But where has anyone shown that these additional systems can make up for the deficiencies (if any) in car vision? We KNOW, at least in theory, that vision+acceleration+touch is adequate for driving, since humans do it every day. On what do we base the assertion that vision+lidar+radar (or some other combination) can substitute for this? There have been MANY people shouting how we need radar/lidar/porridge etc etc for a car to self-drive, but based on what evidence? Other than "common sense" that more sensors are better (and "common sense" is rarely common and only infrequently sense in my experience).
Camera vision has lots of deficiencies. It can misclassify objects. Camera vision also works less reliably in certain conditions like heavy rain, dense fog or total darkness. In fact, we see these same deficiencies in human vision. There are many accidents by humans that happen in rain, fog or darkness where visibility is reduced. Lidar and radar make up for these deficiencies. If your camera vision misclassifies an object, lidar will still detect the presence of the object to avoid collision. And lidar can also classify objects. So, you will get more reliable classification of objects with both vision and lidar than with vision-only. Lidar also works very reliably in total darkness when vision will be less reliable. HD radar is very reliable in dense fog and heavy rain when vision will be less reliable. So yes, vision+lidar+radar will absolutely be more reliable than vision-only.
I know one argument that Waymo has given for why they use vision+lidar+radar is that the prediction and planning stack rely on the perception data to work. If your prediction and planning get less than complete or bad perception data, they will make more mistakes. By using vision+lidar+radar, Waymo wants to give their AV the best, most complete, perception data possible, in order to give prediction and planning the best chance at making the right decisions. With vision-only, your prediction and planning stacks will be entirely dependent on the vision data. If it is not good enough, your prediction and planning stacks will be handicapped.
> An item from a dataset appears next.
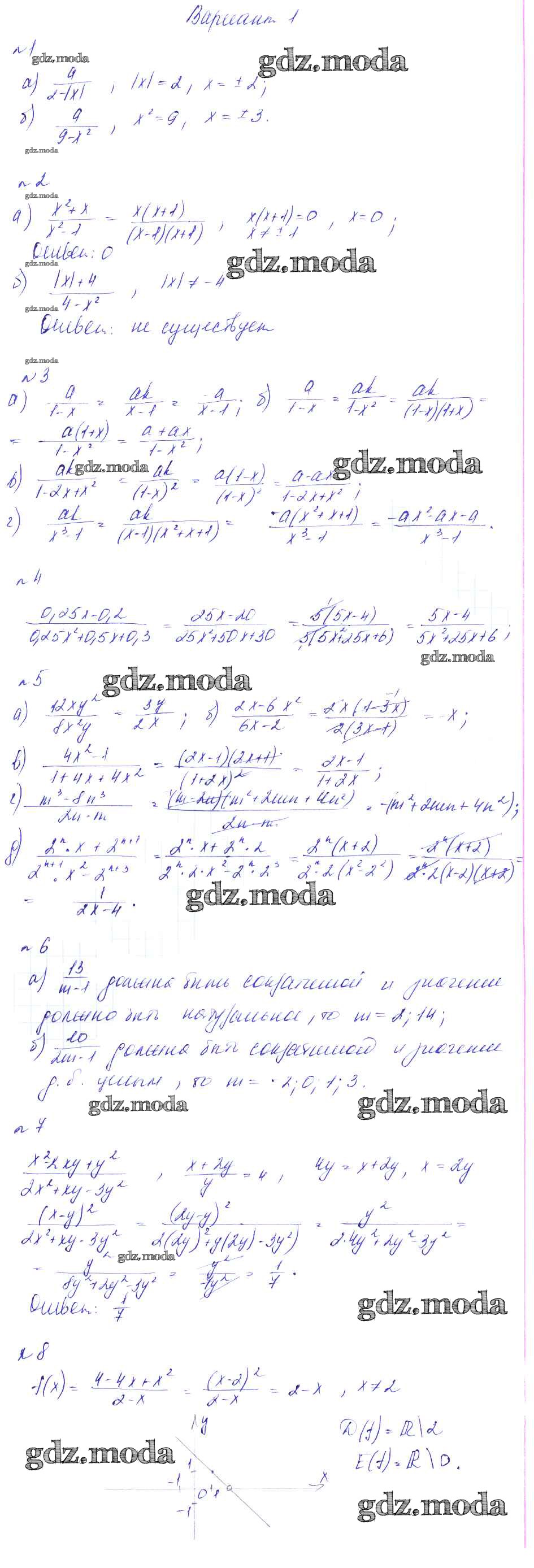 ГДЗ решение к заданию № вариант 1 Алгебра 8 класс Дидактические материалы Феоктистов Мнемозина 2013 ФГОС бесплатно на гдз.мода!

I think the debate between vision-only and sensor fusion is basically a debate about the march of 9's. Nobody denies that vision-only can drive a car. The question is can vision-only drive with 99.99999% reliability and can we solve it in a timely manner? Remember that most driving is actually relatively easy, it's the last bits that are hard. As you alluded to, the proponents of vision-only are counting on the theory that vision-only should be adequate. But what if vision-only is not quite good enough and it solves like 99% of FSD and then gets stuck? The proponents of vision+lidar+radar don't want to take that chance, they want the best chance at achieving 99.99999% reliably. And how many 9's are "good enough"? For consumer cars, 99% FSD might be perfectly adequate. For robotaxis, 99% FSD is not good enough. So for consumer cars, vision-only makes a lot of sense IMO. For driverless robotaxis, vision-only is a non starter IMO.
I see two possibilities:
1) Vision-lidar-radar is safer than vision-only but is too costly and too limited to geofenced areas. Vision-only works everywhere and is 1.5x safer than humans. All things considered, vision-only is considered "safe enough" so it wins.
2) Vision-lidar-radar is 50x safer than humans and the costs come down enough. Vision-lidar-radar wins out because society prefers 50x safer to just 1.5x safer.